** ASSIGNMENT **
Nothing but the lines from the one containing "What really sets" through the last line of the material should appear in the answer, transcribed exactly, pictures excluded.

━━━ STORED DATA

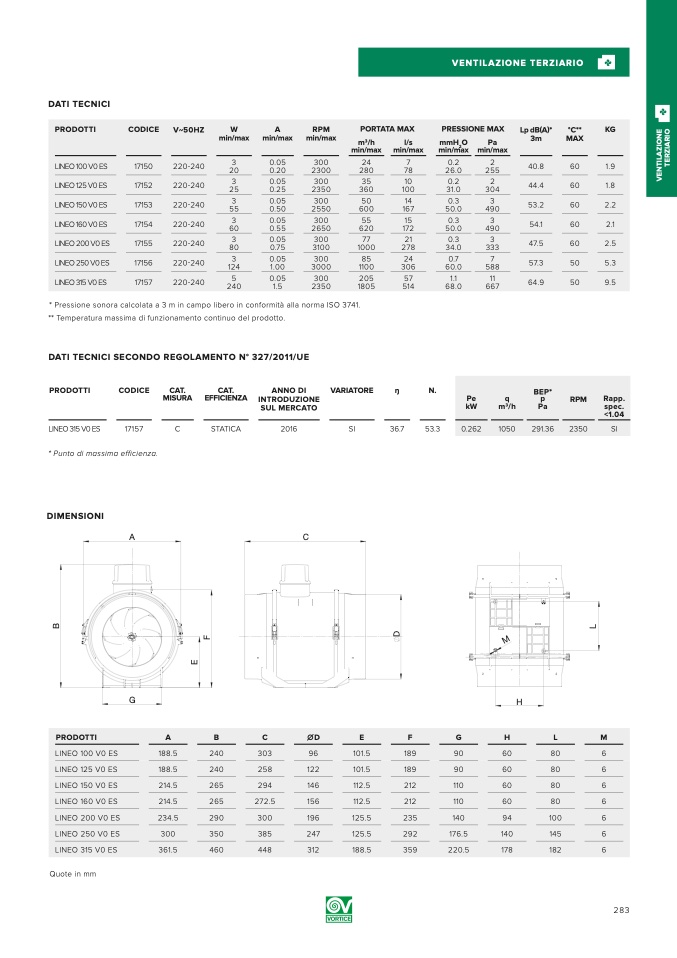 DATI TECNICI SECONDO REGOLAMENTO N° 327/2011/UE
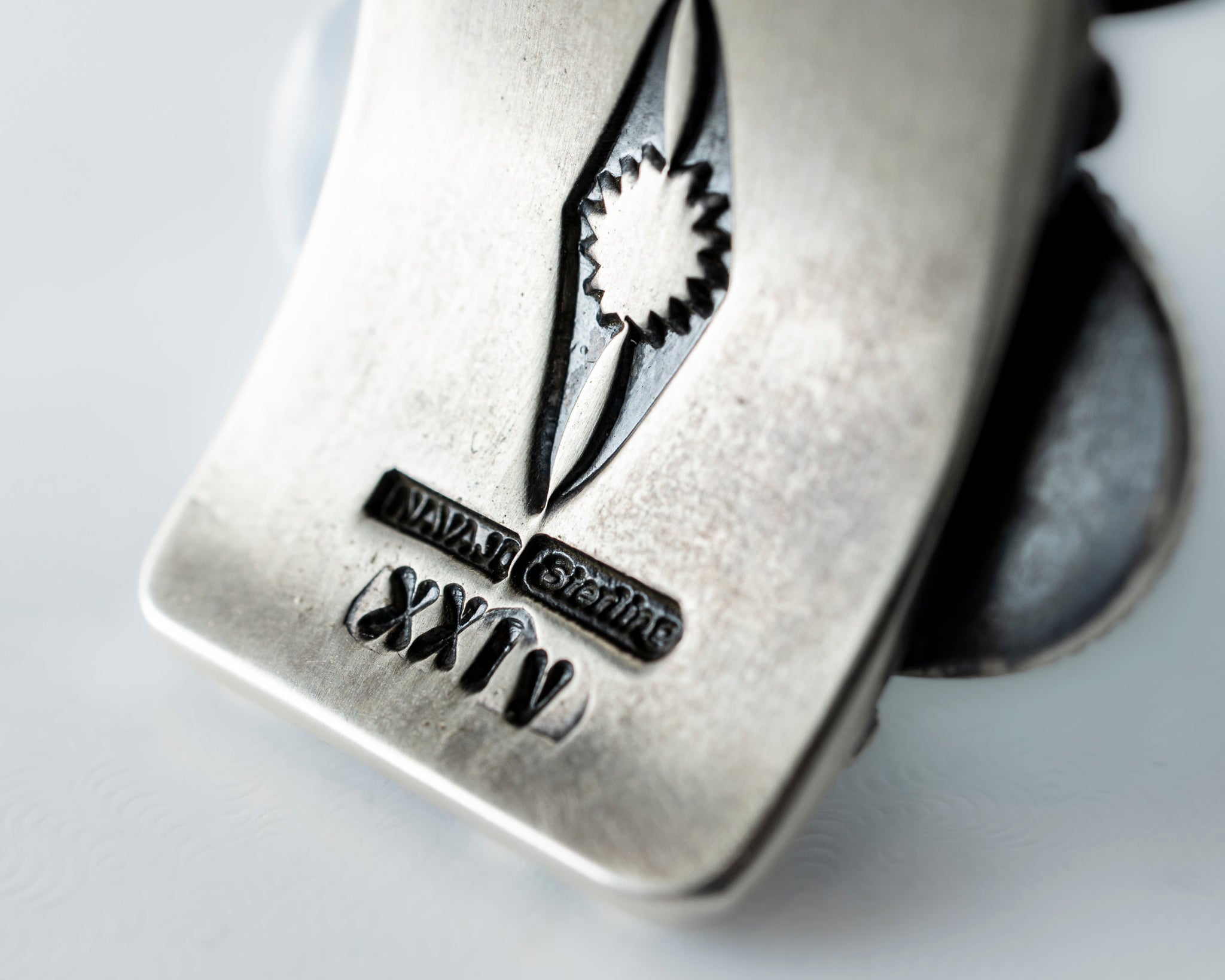 What really sets it apart is the hand-stamped work on the interior, Matthew takes the time to add those details even though they're hidden from view. That's the kind of work you get from a silversmith who cares about quality in every inch of his work. The oxidized silver finish gives it an authentic character and depth. With Matthew's hallmark and XXIV NAVAJO STERLING stamped, the oxidized finish gives the silver a worn-in, honest look, like it’s already been places and is ready to go to a few more!
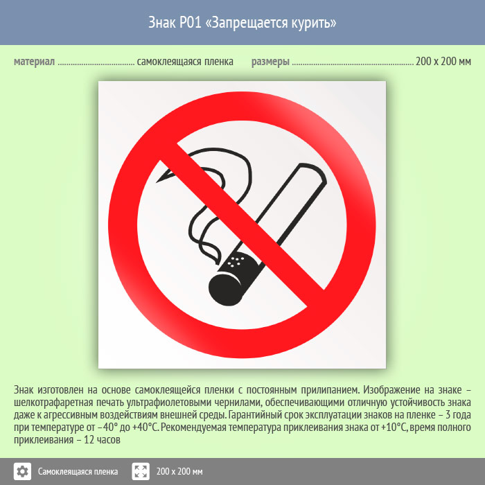 Знак P01 «Запрещается курить» (пленка, 200х200 мм) в Кызыле купить

━━━━━━

** EXPECTED ANSWER **
 What really sets it apart is the hand-stamped work on the interior, Matthew takes the time to add those details even though they're hidden from view. That's the kind of work you get from a silversmith who cares about quality in every inch of his work. The oxidized silver finish gives it an authentic character and depth. With Matthew's hallmark and XXIV NAVAJO STERLING stamped, the oxidized finish gives the silver a worn-in, honest look, like it’s already been places and is ready to go to a few more!
 Знак P01 «Запрещается курить» (пленка, 200х200 мм) в Кызыле купить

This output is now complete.